§ WHAT YOU SHOULD DO
All lines below starting at the one that holds "Glass Food Storage" and ending at the one that holds "薛继东副院长宣读了《关于表彰" should be printed exactly, ends included. Pictures should not be printed, nor anything else.

--- RECORDS FOR THIS TASK Enclosed Below ---

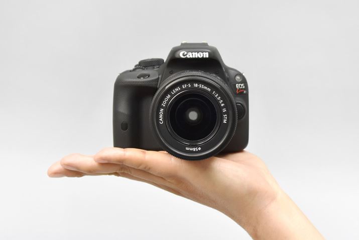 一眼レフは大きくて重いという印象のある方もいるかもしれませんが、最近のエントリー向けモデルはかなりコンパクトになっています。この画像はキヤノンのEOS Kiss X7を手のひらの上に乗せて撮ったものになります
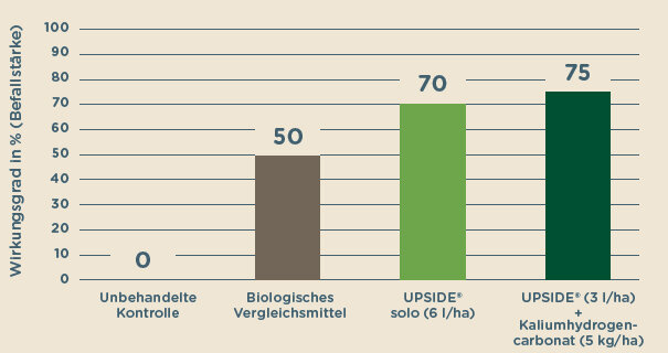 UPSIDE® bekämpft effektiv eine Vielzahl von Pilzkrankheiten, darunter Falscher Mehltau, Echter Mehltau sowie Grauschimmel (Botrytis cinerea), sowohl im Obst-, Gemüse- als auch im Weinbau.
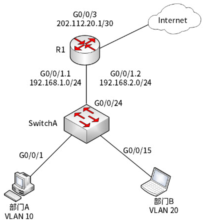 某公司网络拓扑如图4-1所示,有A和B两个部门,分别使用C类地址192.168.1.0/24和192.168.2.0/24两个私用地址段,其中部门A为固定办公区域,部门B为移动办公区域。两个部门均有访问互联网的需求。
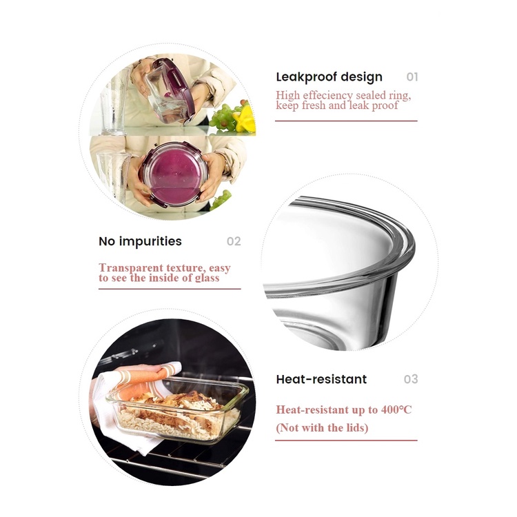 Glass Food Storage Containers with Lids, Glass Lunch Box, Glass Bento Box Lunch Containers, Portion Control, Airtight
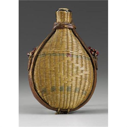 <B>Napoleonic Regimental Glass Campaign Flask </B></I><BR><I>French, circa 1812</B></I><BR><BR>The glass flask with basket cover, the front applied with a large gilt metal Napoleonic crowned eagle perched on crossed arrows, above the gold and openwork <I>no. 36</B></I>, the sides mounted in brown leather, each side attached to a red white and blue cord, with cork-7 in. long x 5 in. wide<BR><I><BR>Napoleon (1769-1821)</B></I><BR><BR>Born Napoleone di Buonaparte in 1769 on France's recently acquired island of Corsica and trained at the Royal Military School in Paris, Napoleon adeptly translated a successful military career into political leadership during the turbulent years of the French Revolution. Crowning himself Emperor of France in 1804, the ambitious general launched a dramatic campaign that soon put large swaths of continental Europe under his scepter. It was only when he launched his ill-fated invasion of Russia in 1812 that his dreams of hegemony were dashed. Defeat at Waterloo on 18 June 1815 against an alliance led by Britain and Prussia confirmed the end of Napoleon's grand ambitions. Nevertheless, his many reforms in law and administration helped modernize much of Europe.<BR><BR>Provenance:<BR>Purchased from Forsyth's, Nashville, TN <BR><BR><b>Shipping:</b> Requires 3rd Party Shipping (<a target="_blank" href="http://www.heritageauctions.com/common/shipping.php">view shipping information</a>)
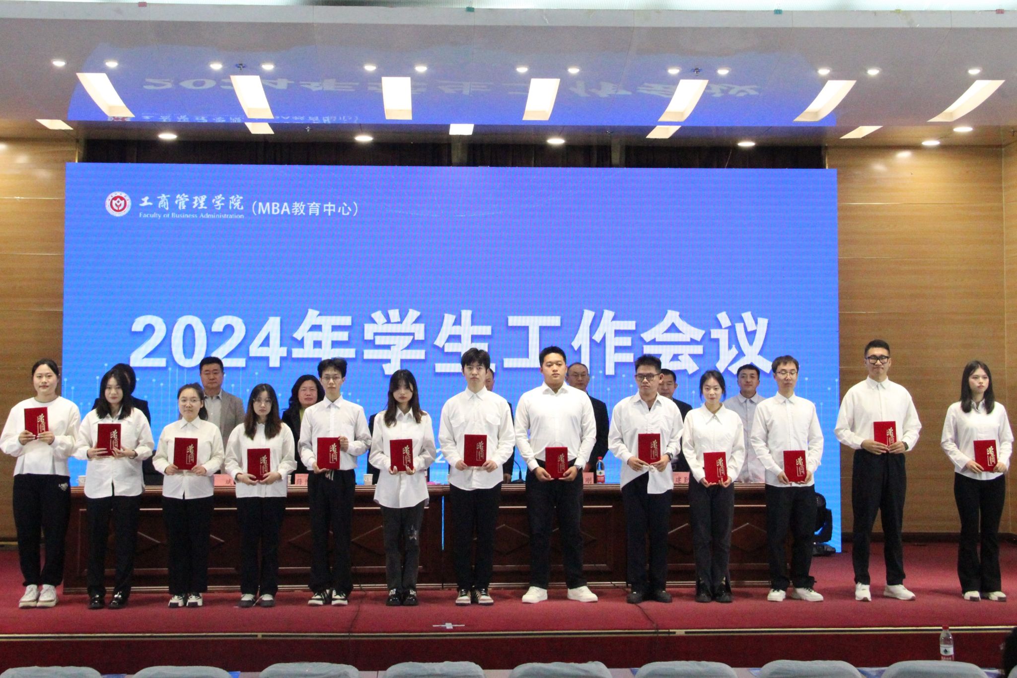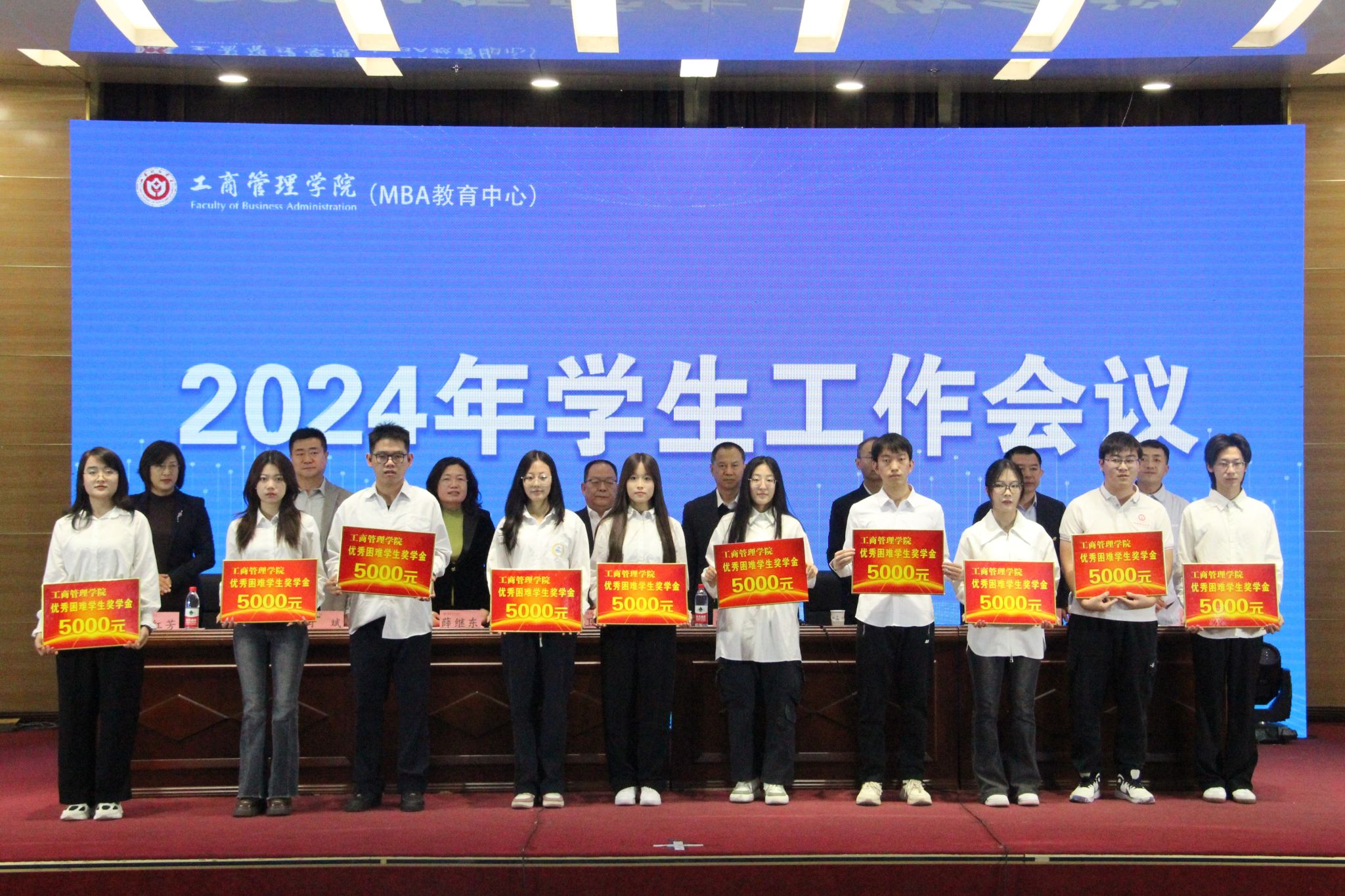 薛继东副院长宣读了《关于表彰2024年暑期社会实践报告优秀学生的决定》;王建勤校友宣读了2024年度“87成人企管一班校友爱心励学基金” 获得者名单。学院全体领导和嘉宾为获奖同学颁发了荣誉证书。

--- End of Enclosed RECORDS FOR THIS TASK ---
--- RECORDS FOR THIS TASK Enclosed Below ---

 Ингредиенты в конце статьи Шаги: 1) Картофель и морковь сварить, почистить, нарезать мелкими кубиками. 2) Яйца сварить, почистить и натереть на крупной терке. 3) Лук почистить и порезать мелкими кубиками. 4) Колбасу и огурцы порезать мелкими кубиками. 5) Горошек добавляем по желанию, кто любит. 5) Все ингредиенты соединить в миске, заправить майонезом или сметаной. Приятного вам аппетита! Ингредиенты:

--- End of Enclosed RECORDS FOR THIS TASK ---

§ FINISHED TASK
 Glass Food Storage Containers with Lids, Glass Lunch Box, Glass Bento Box Lunch Containers, Portion Control, Airtight
 <B>Napoleonic Regimental Glass Campaign Flask </B></I><BR><I>French, circa 1812</B></I><BR><BR>The glass flask with basket cover, the front applied with a large gilt metal Napoleonic crowned eagle perched on crossed arrows, above the gold and openwork <I>no. 36</B></I>, the sides mounted in brown leather, each side attached to a red white and blue cord, with cork-7 in. long x 5 in. wide<BR><I><BR>Napoleon (1769-1821)</B></I><BR><BR>Born Napoleone di Buonaparte in 1769 on France's recently acquired island of Corsica and trained at the Royal Military School in Paris, Napoleon adeptly translated a successful military career into political leadership during the turbulent years of the French Revolution. Crowning himself Emperor of France in 1804, the ambitious general launched a dramatic campaign that soon put large swaths of continental Europe under his scepter. It was only when he launched his ill-fated invasion of Russia in 1812 that his dreams of hegemony were dashed. Defeat at Waterloo on 18 June 1815 against an alliance led by Britain and Prussia confirmed the end of Napoleon's grand ambitions. Nevertheless, his many reforms in law and administration helped modernize much of Europe.<BR><BR>Provenance:<BR>Purchased from Forsyth's, Nashville, TN <BR><BR><b>Shipping:</b> Requires 3rd Party Shipping (<a target="_blank" href="http://www.heritageauctions.com/common/shipping.php">view shipping information</a>)
 薛继东副院长宣读了《关于表彰2024年暑期社会实践报告优秀学生的决定》;王建勤校友宣读了2024年度“87成人企管一班校友爱心励学基金” 获得者名单。学院全体领导和嘉宾为获奖同学颁发了荣誉证书。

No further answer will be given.